This example is based on PyTorch MNIST example (https://github.com/pytorch/examples/tree/master/mnist) and has been adapted to work on NCC.
Run the following commands to create a Python virtual environment and install torch in the environment.
virtualenv3 env
source env/bin/activate
pip install torch torchvision
Note that every time that you would like to work on this project, you must source this environment with:
source env/bin/activate
Have a look at the example SLURM batch file called example.slurm
. This file defines how much resource to allocate to your job and how to run it. The file is divided in two parts. The first few lines starting with #SBATCH
are interpreted by SLURM itself and used to determine how much resource to allocate to the job. The second part is a regular shell script which will be run on the compute node.
To submit a job:
sbatch example.slurm
This command will send your job to the job queue and output the ID of the job.

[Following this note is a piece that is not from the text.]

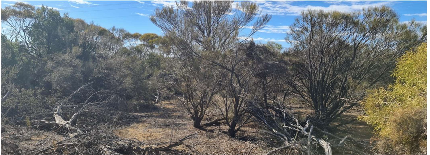
Figure 9. Photo showing roadside vegetation proposed to be cleared (Service Stream Maintenance, 2023)

To check the status of your job:
squeue
Look for the job id. Note that if you can’t find your job in the list, this means that your job already completed; this often happens if there was an error early on and your job crashed within seconds of starting.
The job output is written by SLURM in a file called slurm-JOBID.out
. This file is written in real time however it might be updated only once in a while if your application is caching stdio. To avoid this problem with python, python must be run with the -u option (see example.slurm
).
You can also cancel a job using:
scancel JOBID
While your job is running, start the program called stop
(for SLURM top). It is similar to the well known Linux tool htop
but adapted to SLURM. It will show a few real-time statistics about your job. This is useful to spot issues such as: not using the GPU, underutilising the GPU, high CPU or memory usage, etc.